■ **The problem**
Every line of the material is to be returned verbatim. Pictures stay out.

╔══

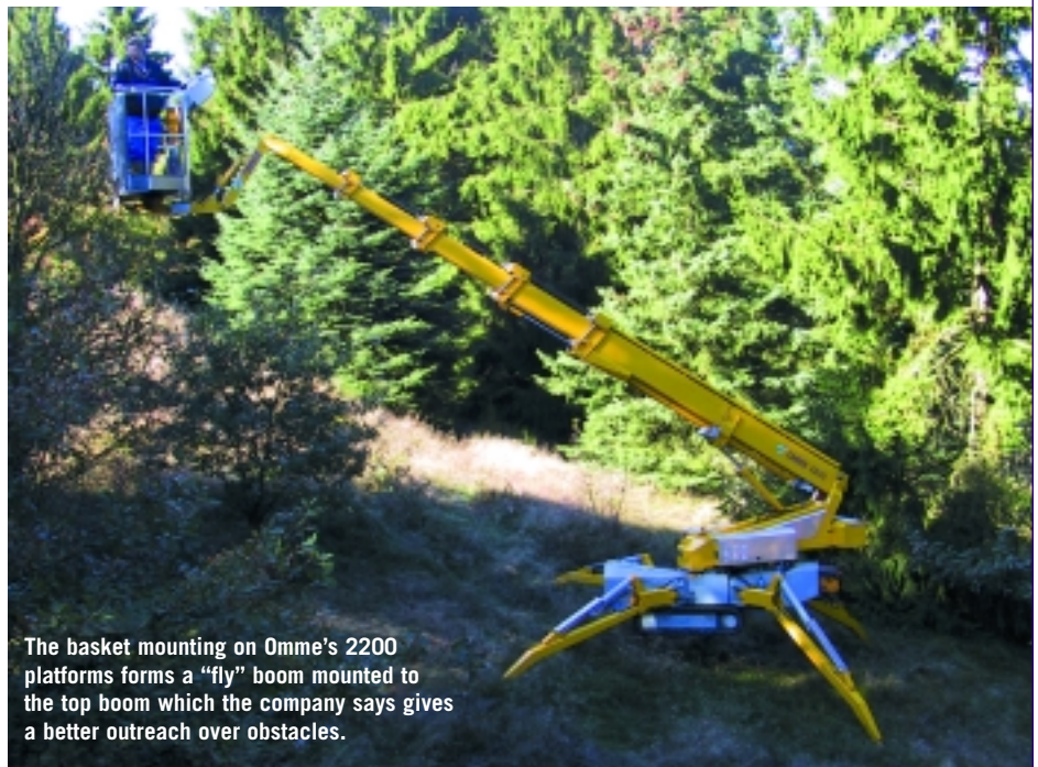
The basket mounting on Omme's 2200 platforms forms a "fly" boom mounted to the top boom which the company says gives a better outreach over obstacles.
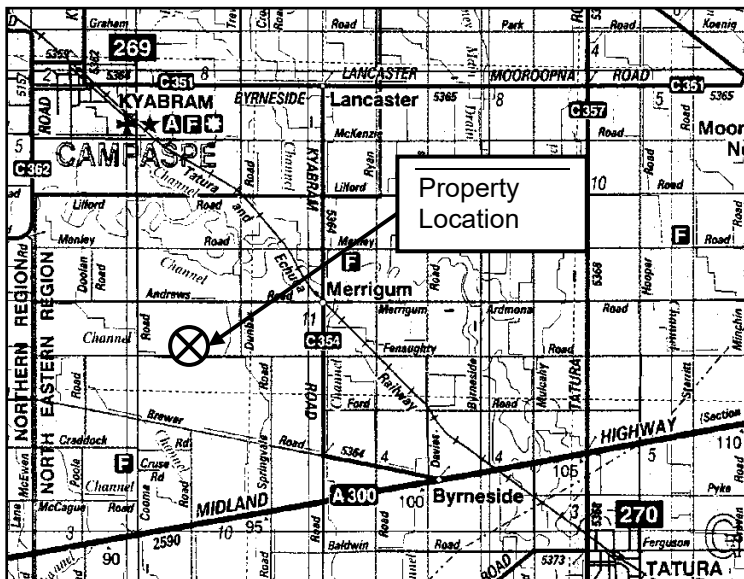
Regional Locality Plan

Can be a copy of VicRoads Directory or CFA map.
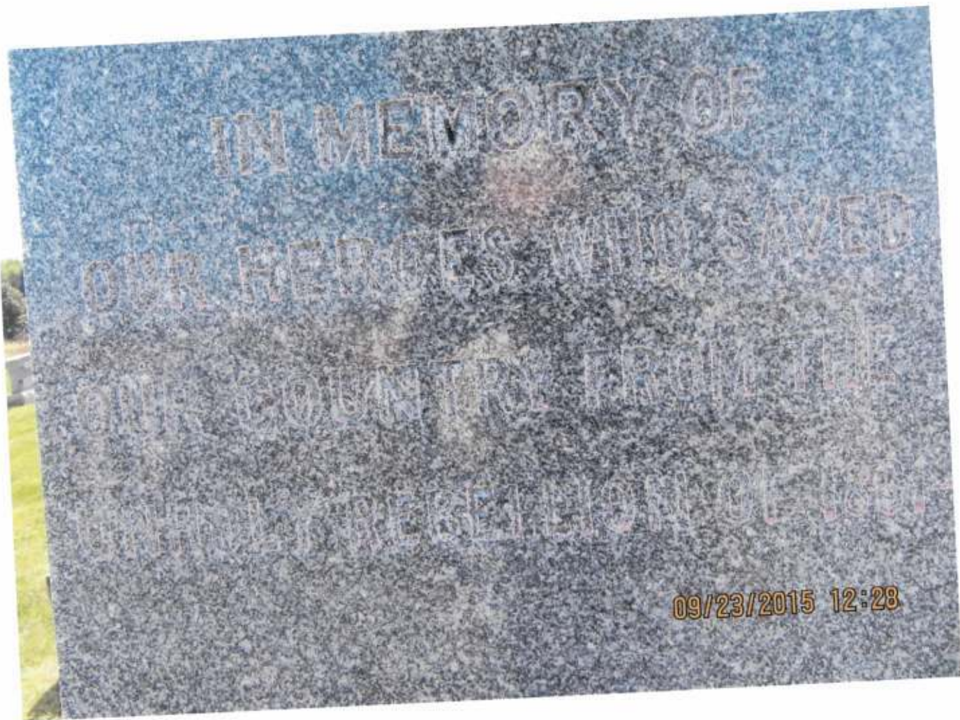
NORTH FACE SHOWING ENGRAVING
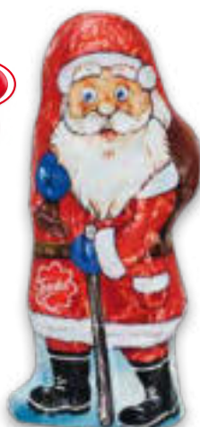
Solid figurine "Santa Claus" Article 1232, 12,5 g
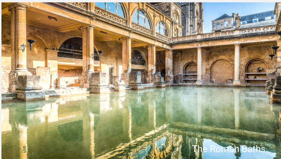
The Roman Baths

*These venues have entrance fees so there will be an additional cost: please talk to the activity manager for more details.

╚══

■ **Solution to this problem**
The basket mounting on Omme's 2200 platforms forms a "fly" boom mounted to the top boom which the company says gives a better outreach over obstacles.
Regional Locality Plan

Can be a copy of VicRoads Directory or CFA map.
NORTH FACE SHOWING ENGRAVING
Solid figurine "Santa Claus" Article 1232, 12,5 g
The Roman Baths

*These venues have entrance fees so there will be an additional cost: please talk to the activity manager for more details.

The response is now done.